“I want my music to awaken something that’s already in your heart.”
(Informed Comment) – Among the hundred-plus African-American jazz musicians who embraced Islam in the mid-Twentieth Century, Yusuf Lateef, whose given name was William Huddleston, emerged as the elder statesman and spokesman of the group. One of the reasons was his remarkable longevity. Another was the wide range of his creativity, which included composition, performance, teaching and writing.
Lateef lived from 1920 to 2013, and he was active as a performing musician and teacher from the age of eighteen until the last few months of his life. In April of 2013, eight months before his death, Lateef performed at a concert in his honor, “Celebrating 75 years in music.” At that concert in Brooklyn he played the saxophone with a wide variety of musicians, and he presented the premieres of two new compositions.
Three decades before that tribute, Lateef had eschewed the use of the word “jazz.” In 2008 he told an interviewer that he had relinquished the term jazz some thirty years earlier. “I still play that form of music,” he said, “but I feel that the word is a misnomer . . . It has meanings and connotations that debase the art and belittle those who play it . . . If you look up the word “jazz,” you’ll see that its synonyms include ‘nonsense,’ blather,’ ‘claptrap,’ and other definitions that reduce the music to poppycock and skullduggery.”
Similarly, Lateef wanted to distance jazz from its ties to drinking and the use of drugs. In 1980, he announced that he would no longer perform in places where alcohol was served. He said that, “Too much blood, sweat and tears have been spilled creating this music to play it where people are smoking, drinking and talking.”
Despite his discomfort with term ‘jazz’ and the venues in which it was most often performed, Lateef continued performing and composing, and his stature as a jazz musician grew over the ensuing decades. In 2010, at the age of ninety, Lateef was awarded the Jazz Master Fellowship Award by the National Endowment for the Arts. But Lateef’s artistic accomplishments were not limited to music. He was an accomplished university teacher and fiction writer. Among his books are two novels, and an autobiography, The Gentle Giant.
Lateef wrote and spoke eloquently about his path to Islam and his conversion to that religion. In 2008, sixty years after that conversion, he told an interviewer that, “In 1948 I embraced Islam through the Ahmadiyya Muslim Community movement – which is guided by a Khalifa, a spiritual leader. After my conversion, I found myself striving for a spiritual development, and I still am.” Lateef explained how he choose the name Yusef Abdul Lateef. “Lateef means gentle and amiable, and Yusef means Joseph, after the prophet Joseph. And Abdul Lateef means a servant of the gentle and amiable, a servant of God, and I said, ‘that’s something for me to try to live up to.’”

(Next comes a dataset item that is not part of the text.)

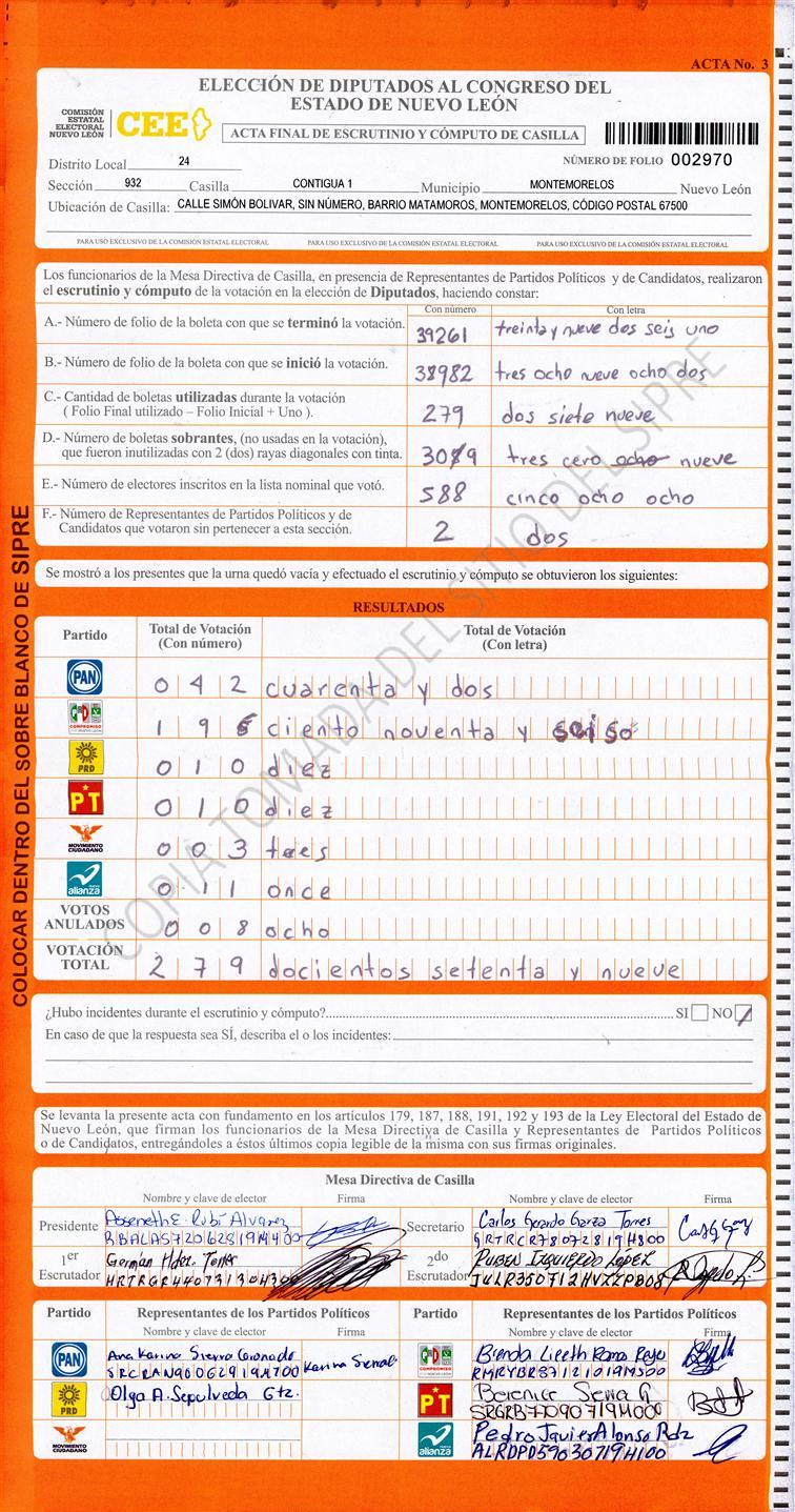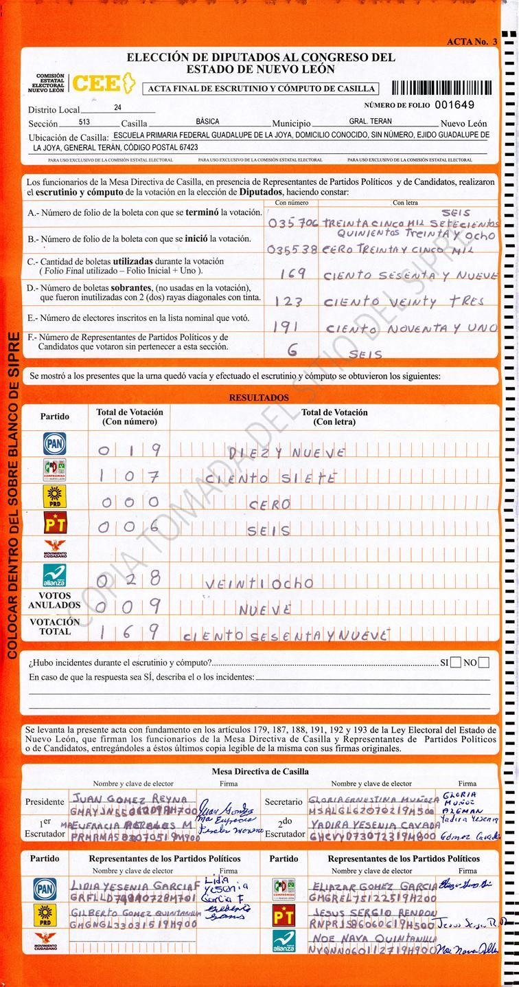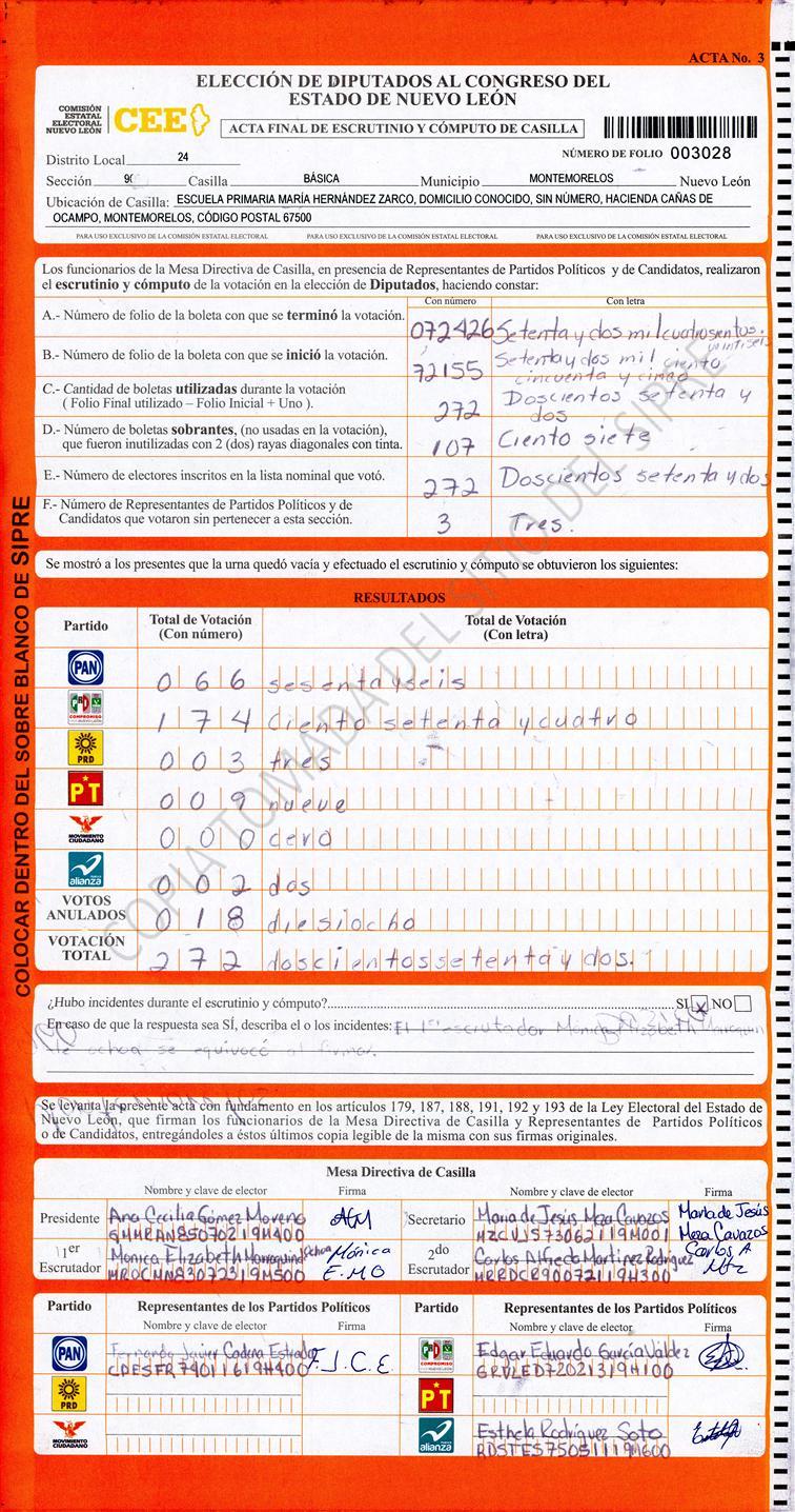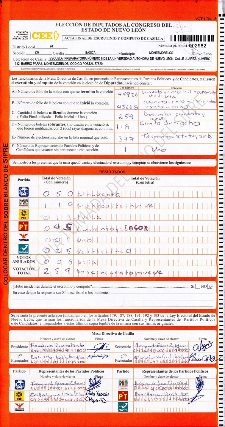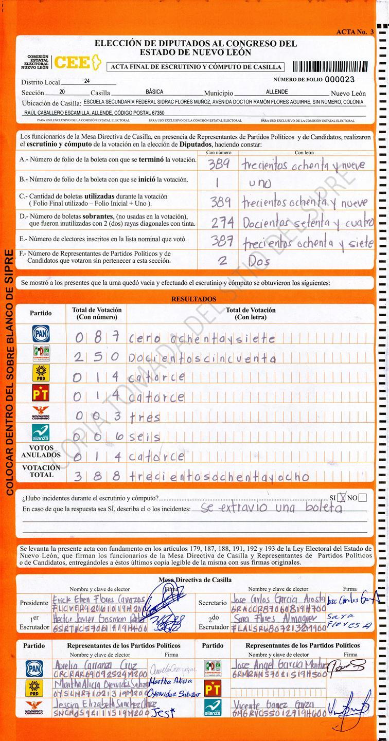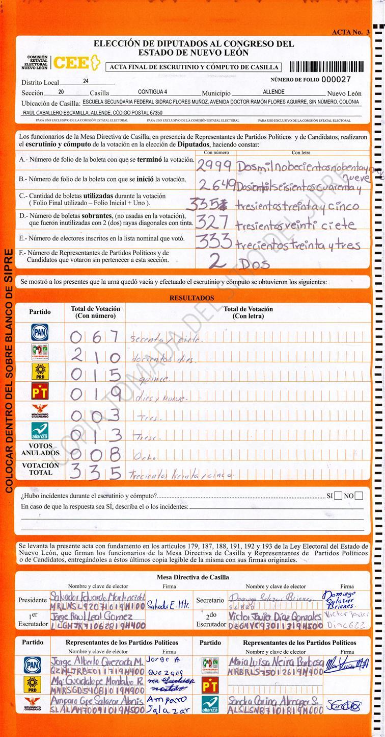 , (8) Copiado Movido , (9) Con Signos Inválidos , (10) Excede Lista Nominal , (11) Otra |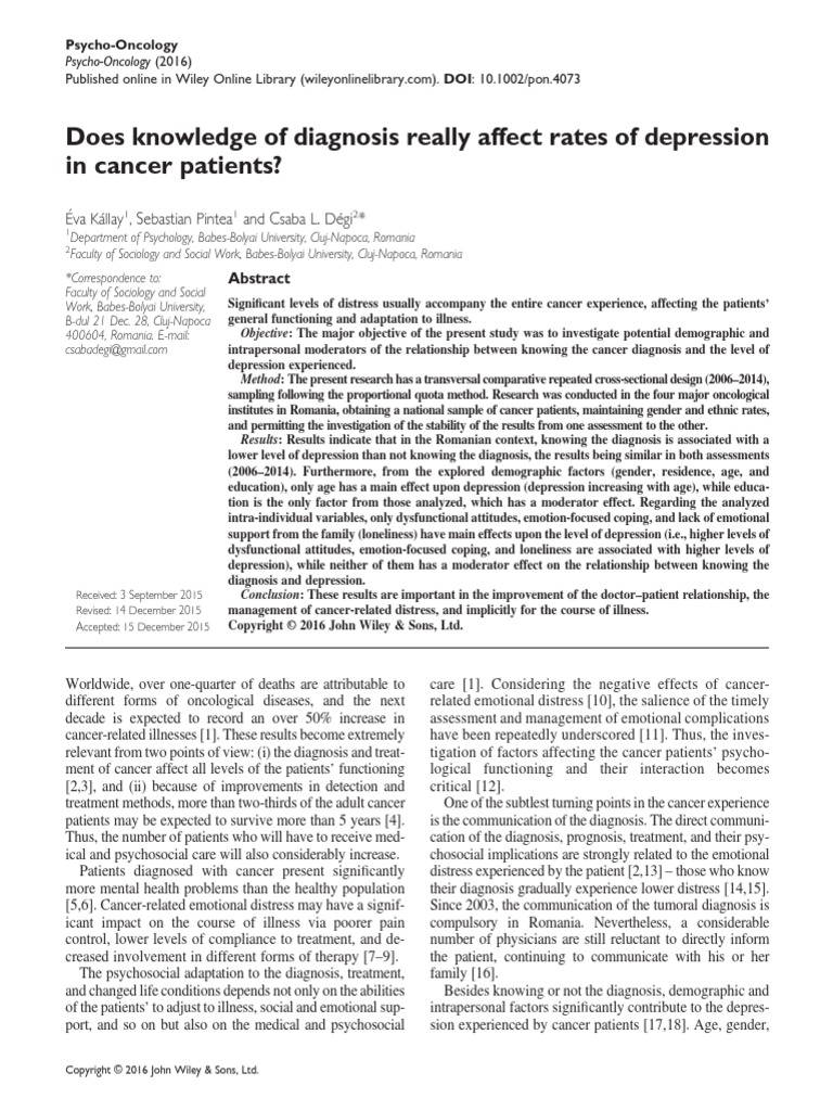relevant from two points of view: (i) the diagnosis and treat- tigation of factors affecting the cancer patients’ psycho-

In the early 1950s, Lateef’s career as a saxophonist blossomed. He was invited to join Dizzy Gillespie’s band and toured widely with that popular ensemble. At the same time, Lateef immersed himself in the study of Islam in general, and in the study of Sufism (Islamic mysticism) in particular. And it was in the writings of the Twentieth Century Sufi master Inayat Khan, that Lateef found a powerful link between musical expression and religious devotion.
In “The mysticism of Music, Sound, and Word” Inayat Khan wrote that “The true use of music is to become musical in one’s thoughts, words, and actions. One should be able to give the harmony for which the soul yearns and longs for every moment.” Lateef shared his religious ideas with many of his jazz contemporaries, Dizzy Gillespie, and John Coltrane among them.
Some musicians of Lateef’s generation, McCoy Tyner and Art Blakey among them, converted to Islam but later drifted away from active practice and participation in religious life. In contrast, Yusuf Lateef remained a strict practitioner, of Islamic rituals, praying five times a day, and fasting during Ramadan, and, on two occasions, making the Haj, the pilgrimage to Mecca. From 1987 to 2002 Yusef Lateef taught at Five College Consortium in Western Massachusetts, where he was a Professor of Music and Music Education. When he retired, at age eighty-two in 2002, he was asked what he would miss the most about teaching. His answer: watching his students develop. “It’s like watching a flower grow. I tell them to have an open mind – to explore all the possibilities of life.”